Pratt & Whitney Unveils Engine Laser Sensor, Plans Boeing 747 Testbed Flight
A newly developed laser-optical technique for measuring detailed engine thrust and other parameters with unprecedented accuracy will be evaluated in flight by Pratt & Whitney on the manufacturer’s Boeing 747SP flying testbed.
Pratt & Whitney says the device will support the development of more-efficient engine core technologies and, because of its high-fidelity measurement capability, could also enable the detection of non-CO2 particulate emissions in flight.
Developed in partnership with Virginia Tech, the system depends on a principle known as Rayleigh scattering, in which the light reflecting from air molecules—in this case passing over a laser-illuminated area—can provide information, here about the gas flow field. Pratt & Whitney says the system, which can be used in the inlet as well as the exhaust, could potentially augment and eventually replace the traditional sensors, rakes and probes used in current engine testing.
Known as FRST (Filtered Rayleigh Scattering for Thrust measurement), the system has already undergone test and development at Virginia Tech on small business jet engines including the Honeywell TFE731 and Pratt & Whitney Canada PW300. The device can project a “sheet” of laser light across the entire planar area of an inlet and exhaust. Developers say it offers significant advantages compared to traditional sensors and probes that only measure flow in discrete parts of the gas path.
“We think this is going to change the way we do things in the industry,” says Al Krejmas, Pratt & Whitney’s principle fellow discipline lead for test and validation and lead developer of FRST at the engine manufacturer.
“As we go forward in the development of our products engineers want more fidelity and data. But all of that is diametrically opposed to the direction of business and its desire for cheaper and faster. So, our mindset was to change the culture and move to an optical-based measurement system versus all of these wires and sensors,” Krejmas says. “It’s a move toward what we consider to be a 21st century measurement system where we get more, higher-quality data.”
Describing the system in more detail, Todd Lowe, a professor of aerospace engineering at Virginia Tech, says Rayleigh scattering provides information directly from molecules which are in motion because of flow velocities. “The signal that we get back from Rayleigh scattering puts all that information about velocity, temperature, and density into spectral form and we derive a pressure. That has huge implications because we can get all of that information and do it robustly,” Lowe says.
Light from a high-power laser is transmitted to the limited confines of the inlet or exhaust via a fiber-optic cable system. Notch filter sensors arranged around the circumference of the inlet or exhaust liner also carry the reflected light back to a camera mounted remotely in the nacelle. Optical data from the camera is then transmitted to a processor for spectral analysis.

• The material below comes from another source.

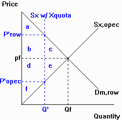 (2) OPEC, and (3) the world as a whole, which result from OPEC's export quota. (1) ROW importers lose bc (2) OPEC exporters gain b, lose e (3) World loses ce |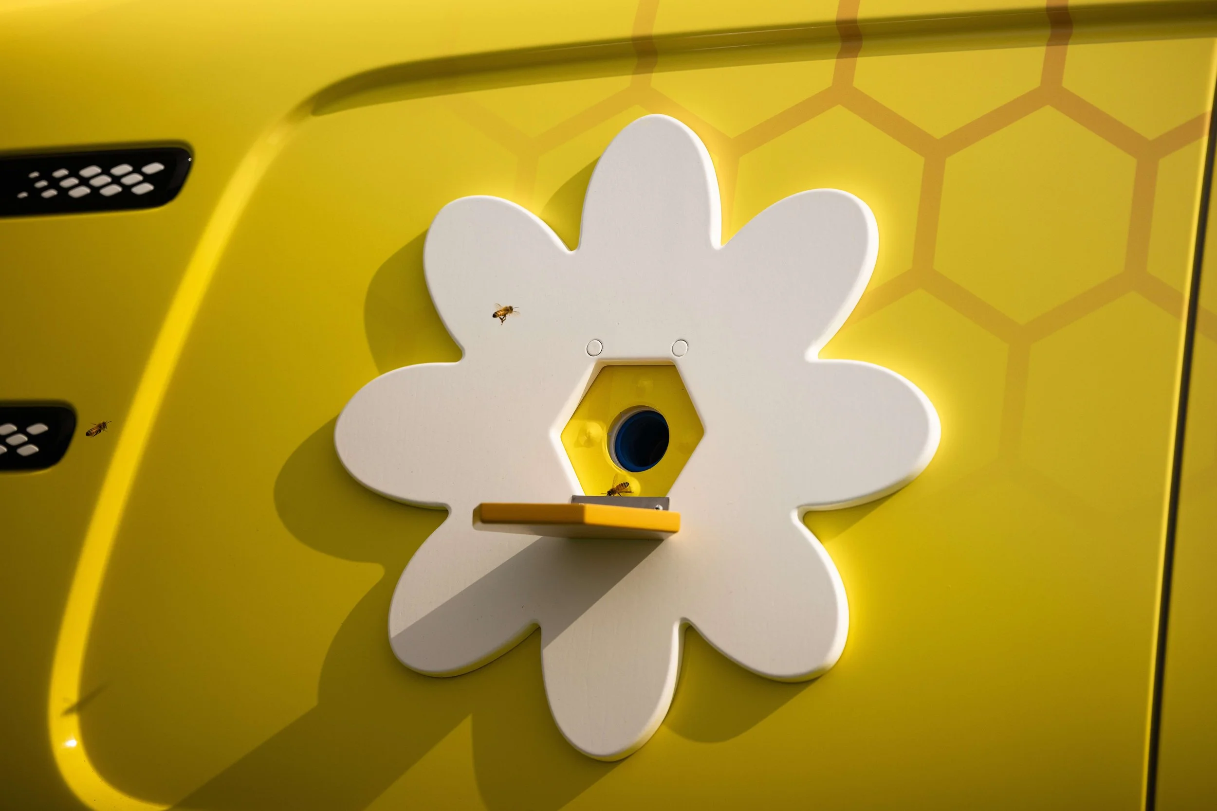 The van has been transformed into a hive-like environment and now houses active colonies with entry and exit tubes, allowing the bees to safely come and go as they please to pollinate.

As well as flows through engines, Pratt and the Virginia Tech developers tested the system in the university’s slow-speed Stability Wind Tunnel on an aerodynamic model of a 737. “We were able to satisfy ourselves that we can measure not only thrust, but also the drag of the airplane in the flow field in and around it. So that was another building block and monumental step toward getting to where we're headed with this,” Krejmas says.
By eliminating the traditional inlet sensor rakes, developers say future engine tests could be done with zero inlet distortion. “If there’s nothing sitting in the flow, there is also no risk of anything being ingested in the engine. But we also get a much richer data set than we're classically used to getting,” Krejmas says.
The ability to derive data across a broader swathe could also be useful for testing emerging propulsion systems, he adds. “When we get these distributed propulsion concepts, whether they be commercial or military, measuring thrust across multiple engines and fans would be hard using our traditional methods. With the new system you put a sheet of laser across all of it and get a good dataset.”
Pratt aims to evaluate the FRST by piggybacking on an unspecified upcoming engine-test campaign to perform back-to-back testing with the existing data system. “We'll measure both the inlet and exit plane with all of the traditional instrumentation as a validation of the measurement system before testing the FRST in flight and then compare the result,” Krejmas says.